League / conference affiliations
- AF2 (2007–2009) National Conference (2007–2009) Southwest Division (2007–2009) ; ;

= Corpus Christi Sharks =

American arena football team

The Corpus Christi Sharks were a 2007 expansion member of the AF2, an arena American football development league. They played their home games at the American Bank Center. Michael Trigg was the team's head coach.
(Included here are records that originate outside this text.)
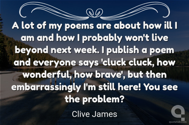 A lot of my poems are about how ill I am and how I probably won't live beyond next week. I publish a poem and everyone says 'cluck cluck, how wonderful, how brave', but then embarrassingly I'm still here! You see the problem? Clive James
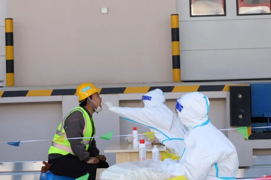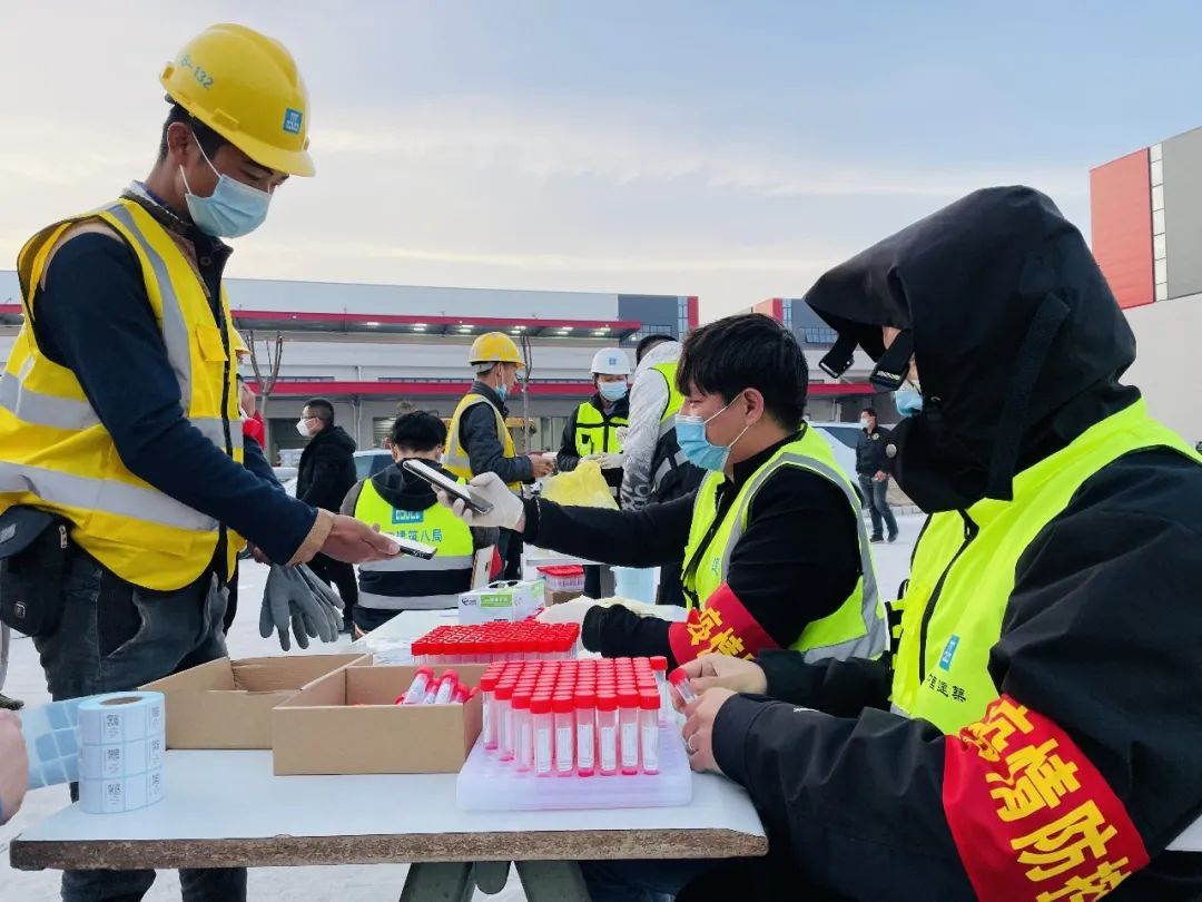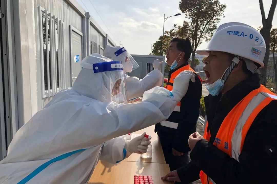在疫情高发区域做好防疫工作是保证项目顺利开展以及后续建成使用的基本保障。中建八局成立以临港分局牵头的防疫后勤保证组,组织各公司抗疫专员以及志愿者组成百人防疫小组统筹协调防疫以及后勤保障工作,将48小时核酸阴性作为入场基本要求,确保每天一次核酸检测、穿插抗原检测,保证异常点的及时发现和风险的及时隔离风控。
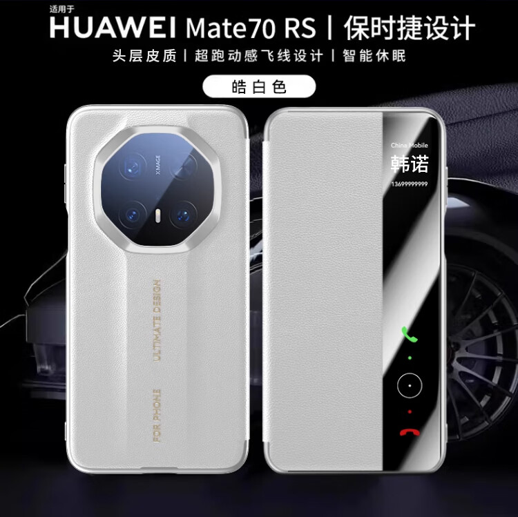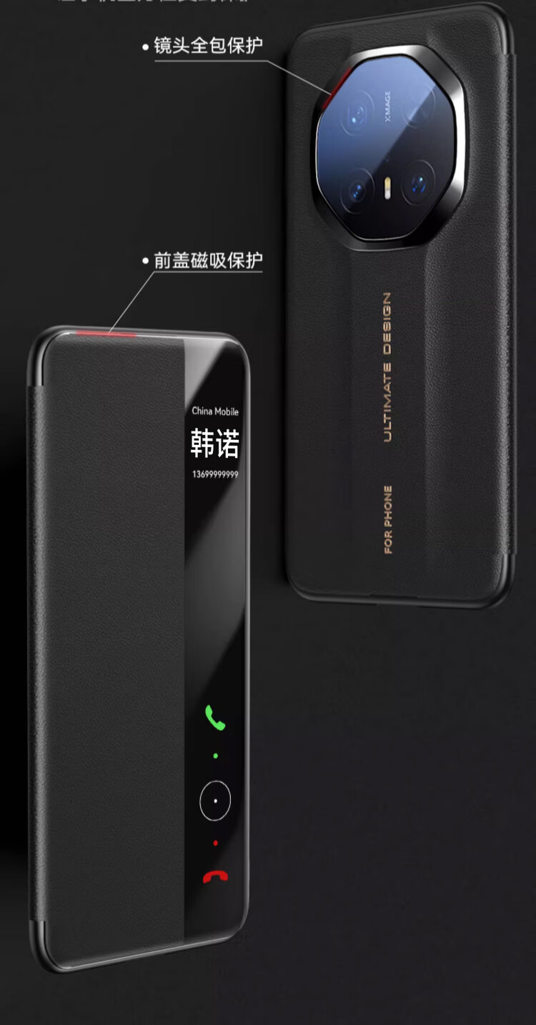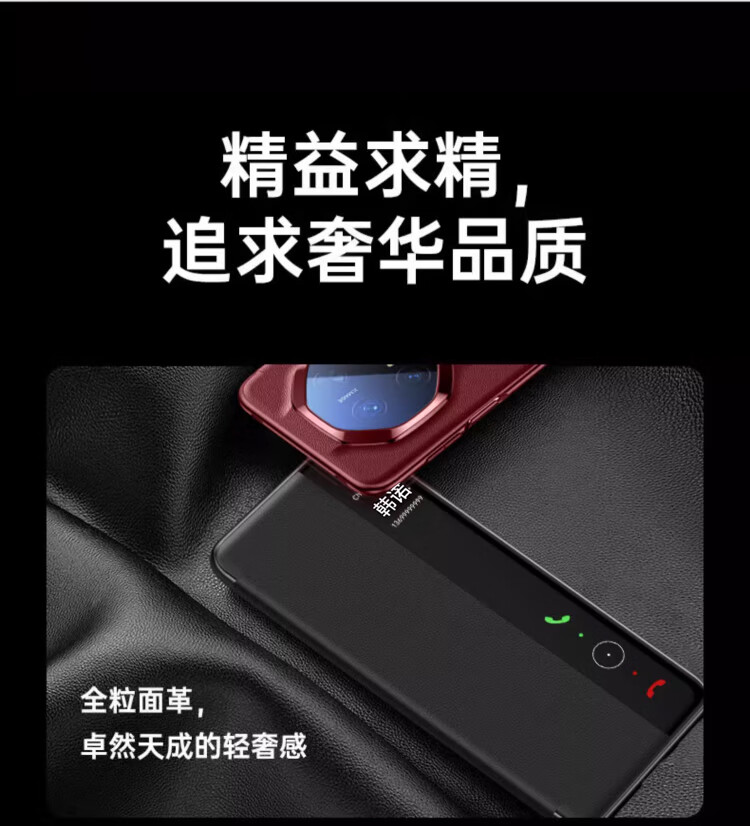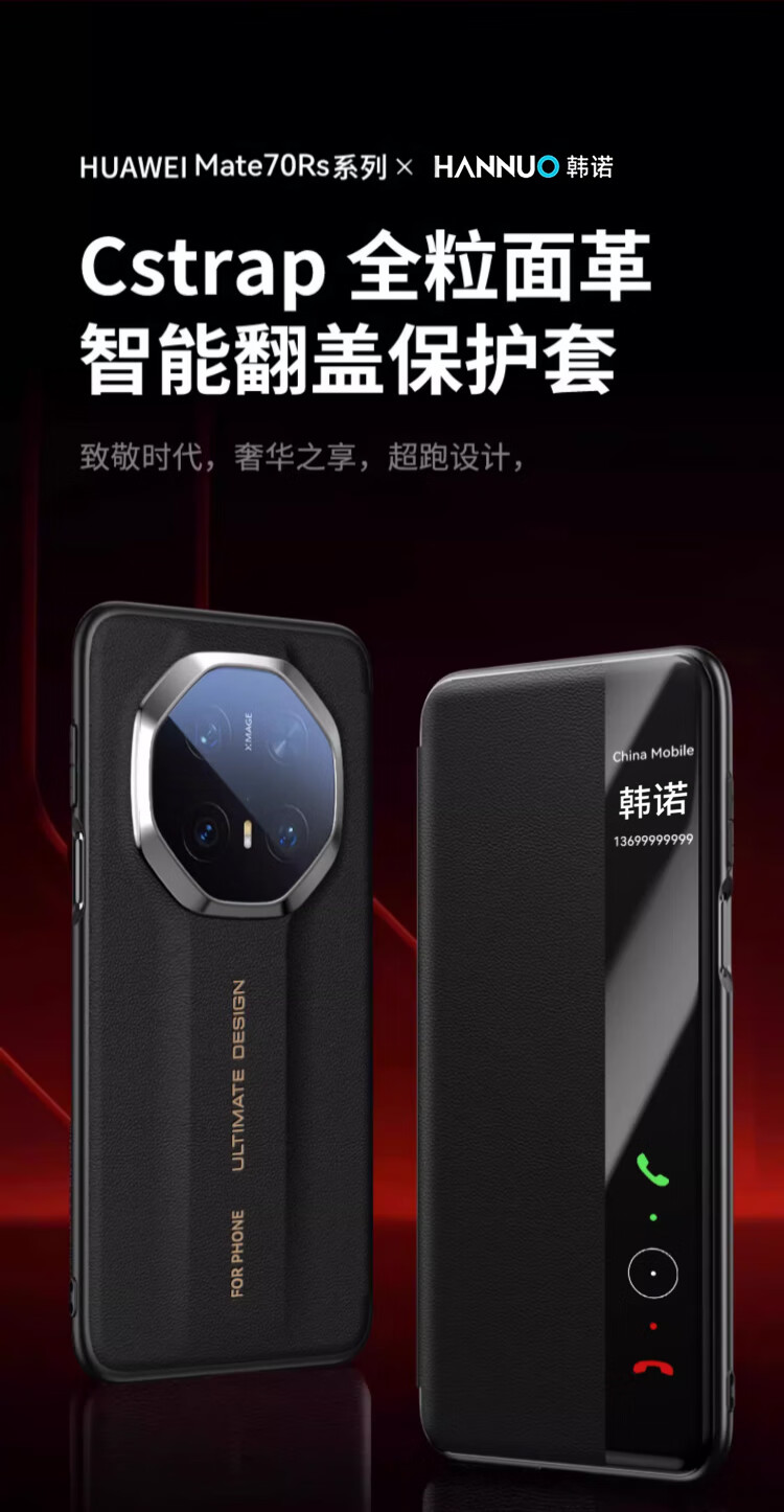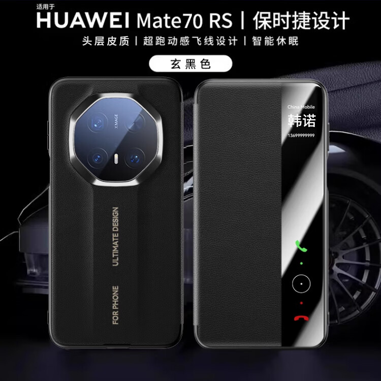韩诺适用mate70rs手机壳华为mate70rs非凡大师保护套新款皮质智能视窗免翻盖皮套防摔超薄全包 玄黑色
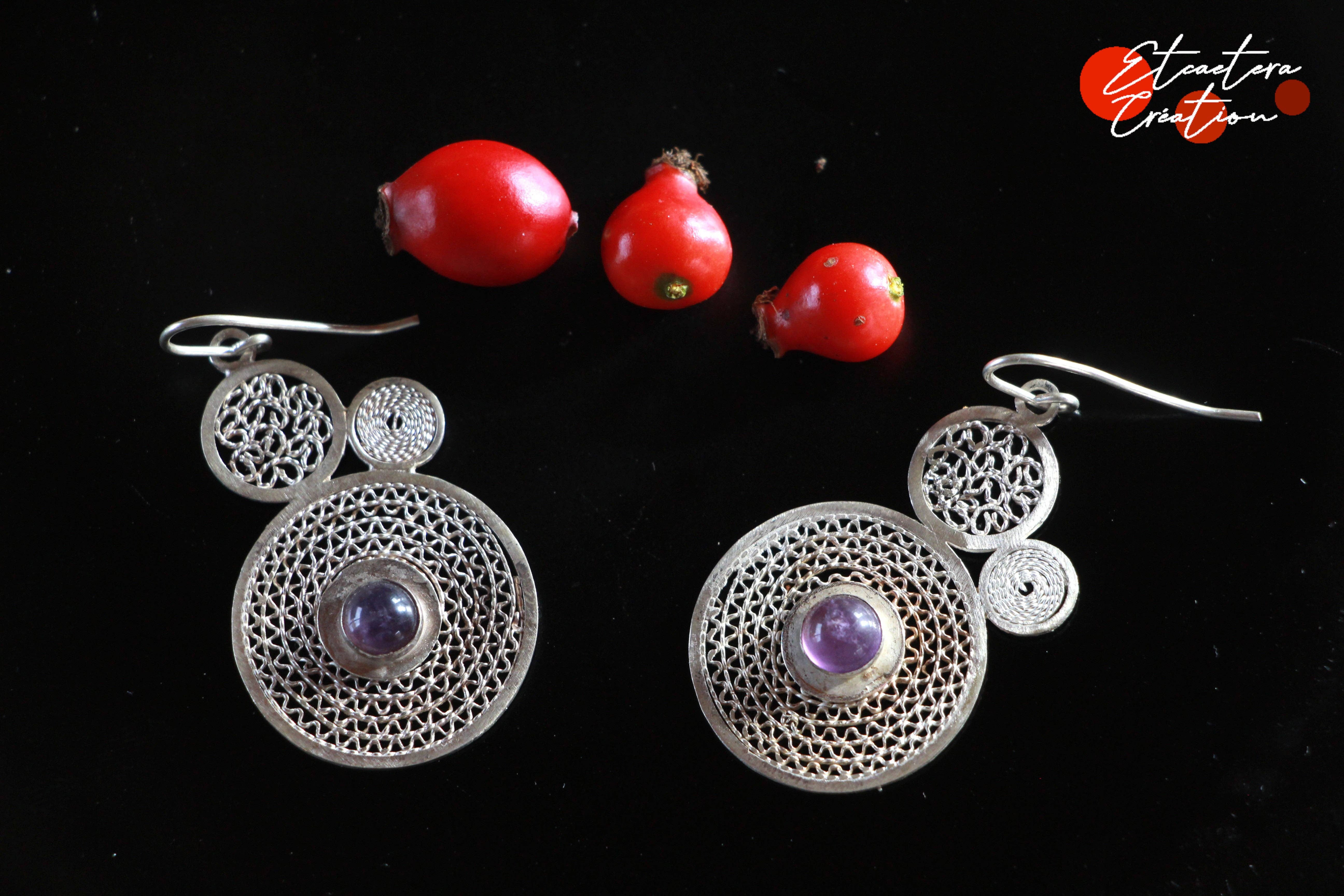 Des boucles d'oreille en filigrane aux airs de printemps. Des libellules en fils d'argent 925, légères et délicates.
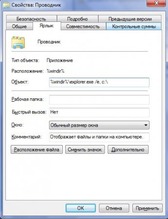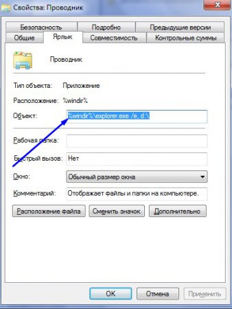 2. Відкриється діалогове вікно «Властивості: Провідник». В полі «Об’єкт» прописаний шлях до бібліотеки. Для прикладу давайте зробимо так, щоб при натисканні на ярлик «Провідник» відкривався «Локальний диск D» або «Локальний диск C».
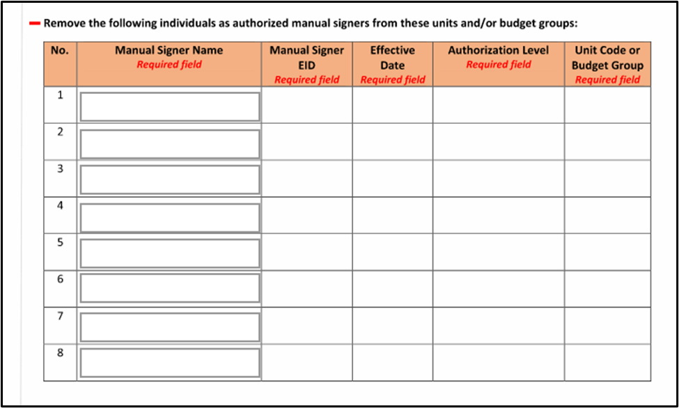- Add Names, UT EIDs, Effective Dates, Authorization Level (enter Unit or Budget Group), Unit Codes or Budget Groups numbers to REMOVE individuals as authorized signers from the units and/or budget groups.
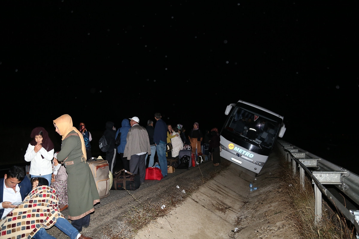 Refüjdeki bariyerlere yaslanarak durabilen araçtaki sürücü Toy ile 44 yolcu, kazayı yara almadan atlattı.

Trigg had been a head coach in the Arena Football League with the Milwaukee Mustangs, Grand Rapids Rampage and Philadelphia Soul, coaching the Rampage to victory in ArenaBowl XV. The Sharks folded in October 2009 along with AF2 itself and did not join the 2010 revival of the Arena Football League as several other AF2 teams did.

The team is not to be confused with the Corpus Christi Hammerheads of the Intense Football League, which continued play throughout the Sharks' existence by moving to Robstown (while continuing to call itself a Corpus Christi team).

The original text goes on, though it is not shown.